Inchiesta Open, Renzi sfida D’Alema e Prodi: «Pronto a confrontarmi su lobby e consulenze»

19 Nov 2021 17:38 - di Valerio Falerni
Renzi

Politica, certo, ma non solo. Del resto, le polemiche innescate dall’inchiesta Open sono troppo recenti (e incandescenti) per non strappare più di una citazione alla Leopolda che Matteo Renzi aprirà stasera. Sul punto, lui vola basso («mostreremo qualche documento su Open, ma il grosso sarà dedicato alla politica»), Tuttavia, a scorrere la sua intervista all’HuffPost è forte il sospetto che non sia così. Gli effetti dell’inchiesta gli bruciano troppo per non parlarne diffusamente. E per non sostenere «che i pm hanno violato la legge e la Costituzione, non io». Lo ribadirà domani e replicherà mercoledì nella Giunta per le autorizzazioni del Senato.
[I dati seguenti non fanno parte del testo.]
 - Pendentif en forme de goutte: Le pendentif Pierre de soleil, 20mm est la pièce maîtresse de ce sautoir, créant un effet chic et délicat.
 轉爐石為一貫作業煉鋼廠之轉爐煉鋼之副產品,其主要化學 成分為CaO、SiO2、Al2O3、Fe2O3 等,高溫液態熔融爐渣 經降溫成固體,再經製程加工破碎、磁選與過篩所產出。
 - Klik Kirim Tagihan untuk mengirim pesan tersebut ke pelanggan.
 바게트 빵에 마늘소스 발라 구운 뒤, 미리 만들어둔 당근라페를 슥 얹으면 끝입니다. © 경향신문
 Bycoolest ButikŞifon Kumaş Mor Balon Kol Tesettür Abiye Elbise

Renzi affila le armi in vista della Leopolda

«Magari – aggiunge con una punta di perfidia – se ne accorgeranno anche i miei silenziosi amici del Pd», che lui vede ormai «tra le braccia dei manettari». Una cosa tiene però a precisare: lui non scappa dal processo. Anzi: «Non vedo l’ora di essere in aula con un pm che dovrà giudicare se la Leopolda era una corrente di partito. In un Paese civile cosa sia un partito e cosa non sia un partito lo decide il Parlamento, non un pm». E sottolinea: «Se non fossi così tranquillo non risponderei colpo su colpo». Ma non c’è solo l’inchiesta ad ammorbare l’aria della Leopolda e a solleticare la vis polemica di Renzi. Ci sono anche le conferenze a pagamento, il rinascimento saudita e i salamelecchi al feroce Bin Salman.

«Conte? Sta alla politica come io al sanscrito antico»
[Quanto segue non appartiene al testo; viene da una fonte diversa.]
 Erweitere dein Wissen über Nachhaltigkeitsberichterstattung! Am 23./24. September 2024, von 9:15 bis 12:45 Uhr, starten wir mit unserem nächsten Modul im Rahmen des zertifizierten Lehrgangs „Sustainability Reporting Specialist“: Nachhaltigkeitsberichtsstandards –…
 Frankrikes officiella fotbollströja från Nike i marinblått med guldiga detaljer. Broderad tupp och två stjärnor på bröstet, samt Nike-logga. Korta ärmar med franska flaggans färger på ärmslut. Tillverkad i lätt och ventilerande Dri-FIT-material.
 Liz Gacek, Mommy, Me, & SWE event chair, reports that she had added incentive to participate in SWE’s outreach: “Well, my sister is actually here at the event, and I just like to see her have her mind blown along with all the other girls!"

Chi è senza peccato scagli la prima pietra, sembra dire il senatore. Che cita Romano Prodi sulle «collaborazioni con istituzioni non pienamente democratiche», e D’Alema e Bersani sul tema «lobby e finanziamenti». «Me lo organizza lei un confronto etico con queste persone su questi argomenti?», chiede in tono di sfida all’intervistatore. Comunque sia, precisa, «continuerò a fare tutto ciò che è lecito». Conferenze comprese. «C’è chi le fa e ci paga le tasse – ricorda – e chi chiede il 5 per cento sulle mascherine e non chiarisce gli appalti Covid o comunque non vuole la commissione di inchiesta perché ha qualcosa da nascondere». Macigni più che parole. Come quelle dedicate a Conte. «Non ha capito – conclude Renzi – che politica è confronto e scappa perché ha paura. Ha paura di tutto, anche della sua ombra. Del resto lui sta alla politica come io sto al sanscrito antico».